L’usage de l’acide acétique en chimie remonte à l’Antiquité. En fait, toute culture pratiquant le brassage de la bière ou la vinification du moût de raisin a inévitablement découvert le vinaigre, résultat naturel de l’évolution de ces boissons alcoolisées laissées à l’air libre. L’emploi du vinaigre intervenait dans la fabrication de pigments (plomb blanc, vert-de-gris), mais également dans la préparation d’un sirop sucré riche en acétate de plomb, le sapa, qui contribua en partie à la chute de l’Empire romain…

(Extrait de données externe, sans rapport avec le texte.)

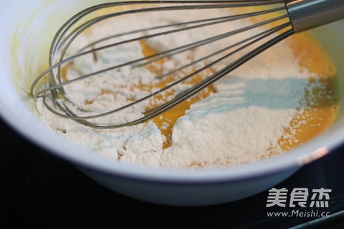 步骤3、加入水30克(或者牛奶40克),混合均匀。加入过筛的低粉,切拌均匀
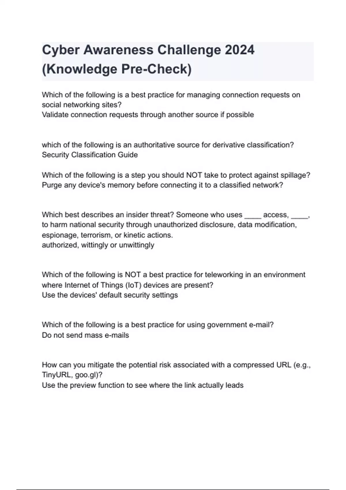 Cyber Awareness Challenge 2024 (Knowledge Pre-Check)
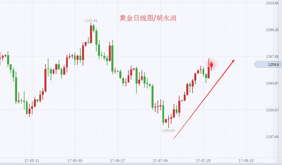 文/胡永润 国际现货黄金周四(7月27日)企稳微跌,美市盘中最低下探至1254,短线惊现跳水,金价再度退守1260一线之下,周三美联储FOMC发布决定维持利率不变,金价一度飙升至六周高位。周四美元止跌反弹,有探底回升的态势。日内公布的多项重磅数据对黄金有利有弊,美国至7月22日当周初请失业金人数为24.4万人,比前值略高;
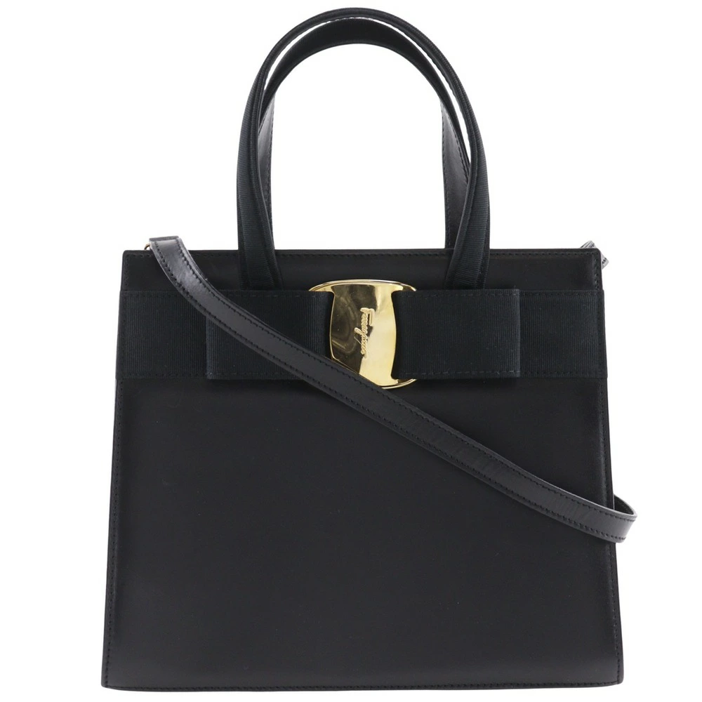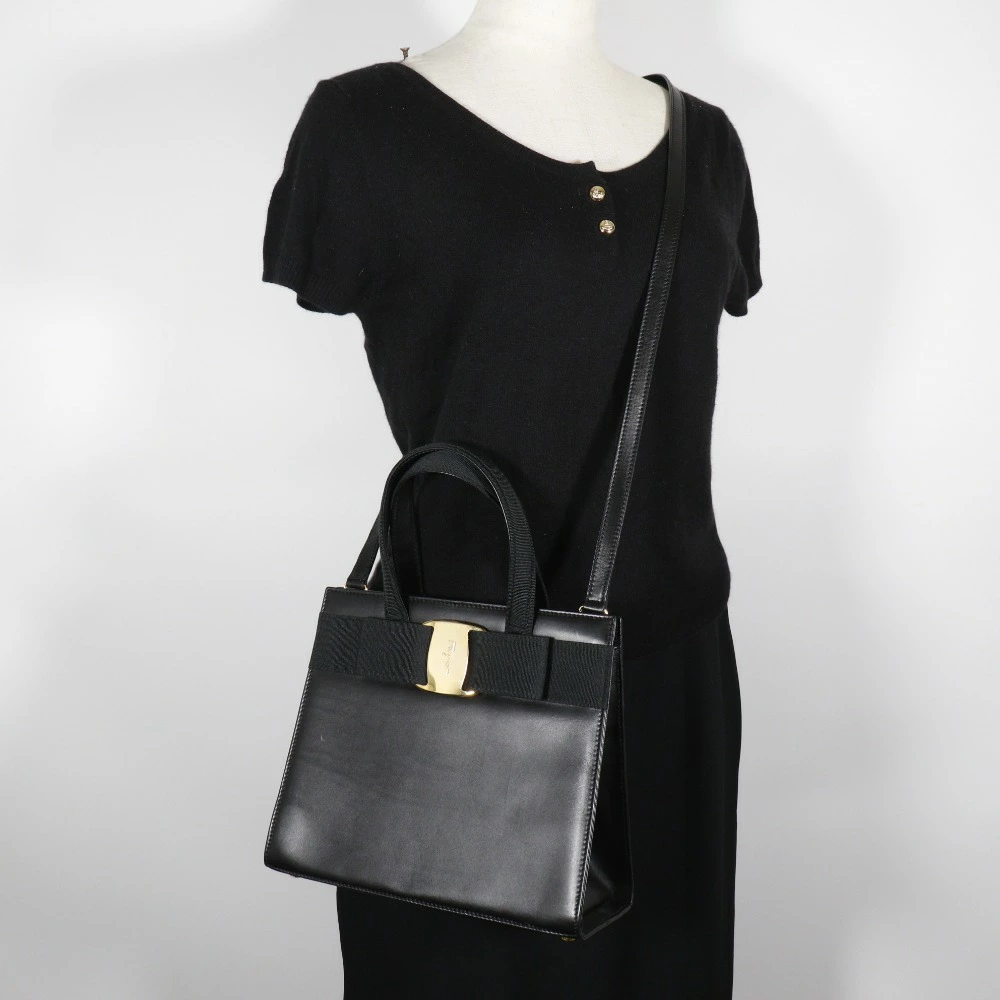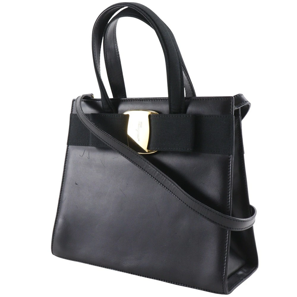 Pre-owned Salvatore Ferragamo Vara Ribbon handbag, 2-way shoulder bag, leather, made in Italy, black, magnetic closure, crossbody, handbag, women's.
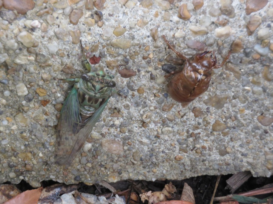 Recently emerged cicada on left. Recently discarded shell on right.
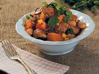 Sweat the onions and garlic in the remaining oil until the onions are soft and translucent. Return the browned pork plus the raw butternut to the saucepan, then pour in the litre of chicken stock.
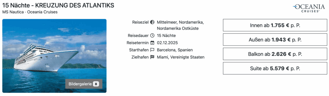 Die Oceania Nautica der US-Reederei Oceania Cruises sticht Anfang Dezember 2025 zu einer Atlantiküberquerung in See und fährt dabei von Barcelona nach Miami. Aktuell habt ihr die Möglichkeit, euch diese Kreuzfahrt auf dem Luxusschiff zu günstigen Preisen zu sichern. Für 12 Nächte in einer Innenkabine zahlt ihr momentan nur 1.755€ pro Person.
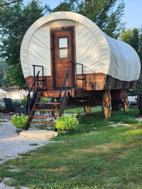 Ovaj nezaboravan smještaj je sve samo ne običan. The Calamity Jane is a unique experience, that is approximately 250 sq. ft. Udobno će spavati do 4 osobe (2 odrasle osobe i 2 djece). Iskusite nešto od onoga što su prvi doseljenici u tom području možda doživjeli, a da pritom ne morate da se odreknete svih naših modernih sadržaja. Spavajte u udobnom bračnom krevetu, a djeca spavaju na krevetu na sprat.
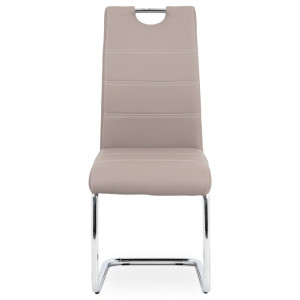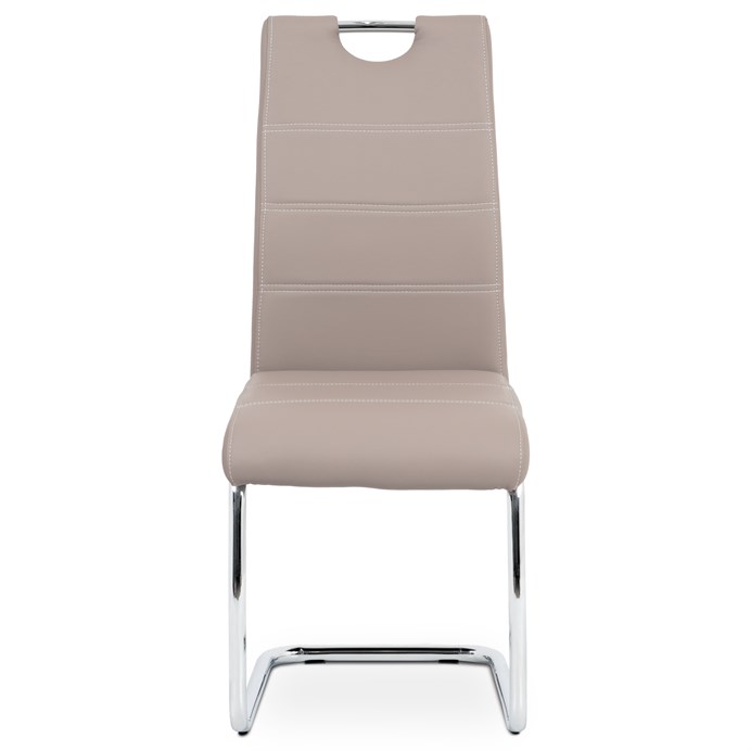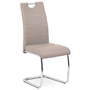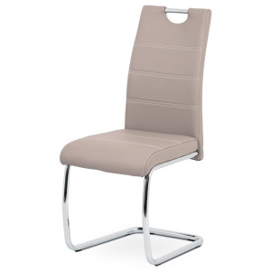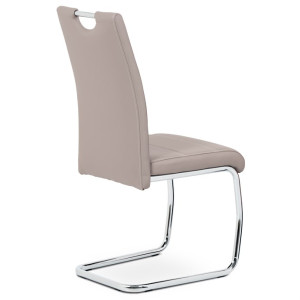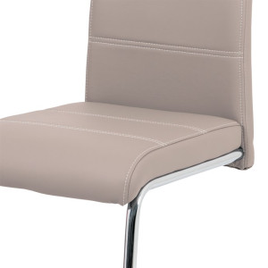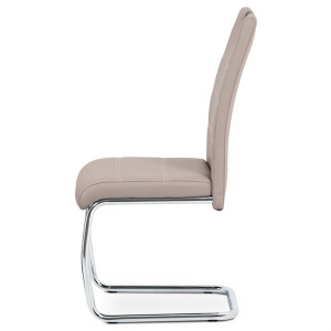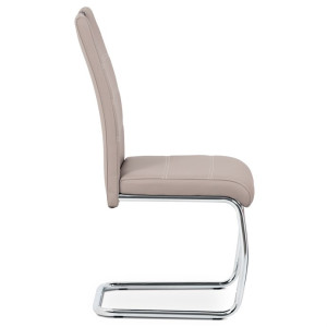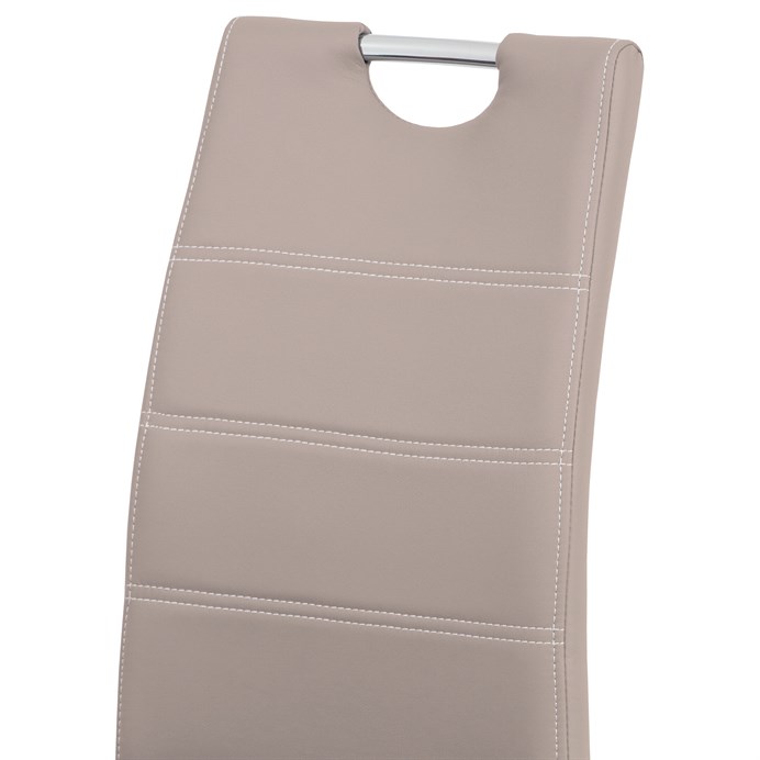 Jídelní židle s označením HC-481 LAN nabízí moderní design v lanýžovém odstínu ekokůže s kontrastním bílým prošitím, které podtrhuje její elegantní vzhled. Potah je vyroben z kvalitní ekokůže, která se snadno udržuje a je příjemná na dotek. Pevná kovová pohupová podnož v chromovaném provedení zajišťuje stabilitu a zároveň umožňuje mírný pohyb pro zvýšení pohodlí při sezení. Židle nemá područky ani otočný mechanismus, což ji činí vhodnou především k jídelním stolům s úsporou prostoru. Díky ergonomicky tvarovanému sedáku a opěradlu poskytuje komfortní podporu během stolování.
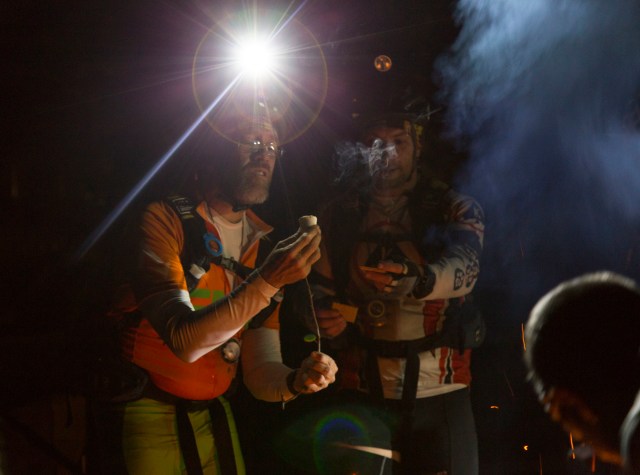 This section had 4 CPs that we had to get in order, and as much as we wanted to pull away from the other teams, they were having none of it. Behind us was a steady stream of lights with mere seconds between teams. This was no time to screw up and we cleared the section quickly, racing back to the Main TA where we had our first special test, making S’mores at a campfire. Pretty sweet!
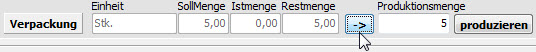 6. Nachdem Sie den Produktionsbeleg mit den eingetragenen Istmengen aus Ihrer Produktionsabteilung zurückerhalten haben, tragen Sie zuerst die Produktionsmenge ein. (wenn SollMenge=Produktionsmenge, dann brauchen Sie nur auf den Pfeil zu klicken - der Wert im Feld SollMenge wird in das Feld Produktionsmenge wird übernommen. Weichen Soll- und Produktionsmenge voneinander ab, tragen Sie die Produktionsmenge direkt in das Feld Produktionsmenge ein.)
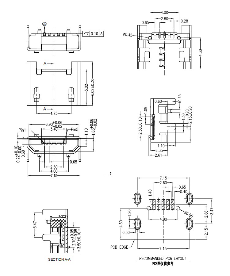 5Pin SMT Crimping Type Micro USB 2.0 B Type Female Charging Port Connector Product Item:U01-BFXX5R-711 Housing:High Temperature Thermoplastic with g.f,UL94V-O Contact:Copper Alloy Current Rating:1.8A Dielectric Withstanding Voltage:100 V R.M.S. SMT Crimping Type Micro USB 20 B Type 5Pin Female Charging Port Connector Inquiry Send Email Datasheet

Au VIIIe siècle, l’alchimiste perse Jabir Ibn Hayyan, un des fondateurs de l’alchimie, concentra l’acide acétique à partir du vinaigre par distillation. Durant la Renaissance, l’acide acétique pur (dit « glacial » parce qu’il formait des cristaux ressemblant à la glace…) était préparé par distillation sèche d’acétates métalliques. Au XVIe siècle, l’alchimiste allemand Andreas Libavius compara l’acide pur ainsi produit au vinaigre.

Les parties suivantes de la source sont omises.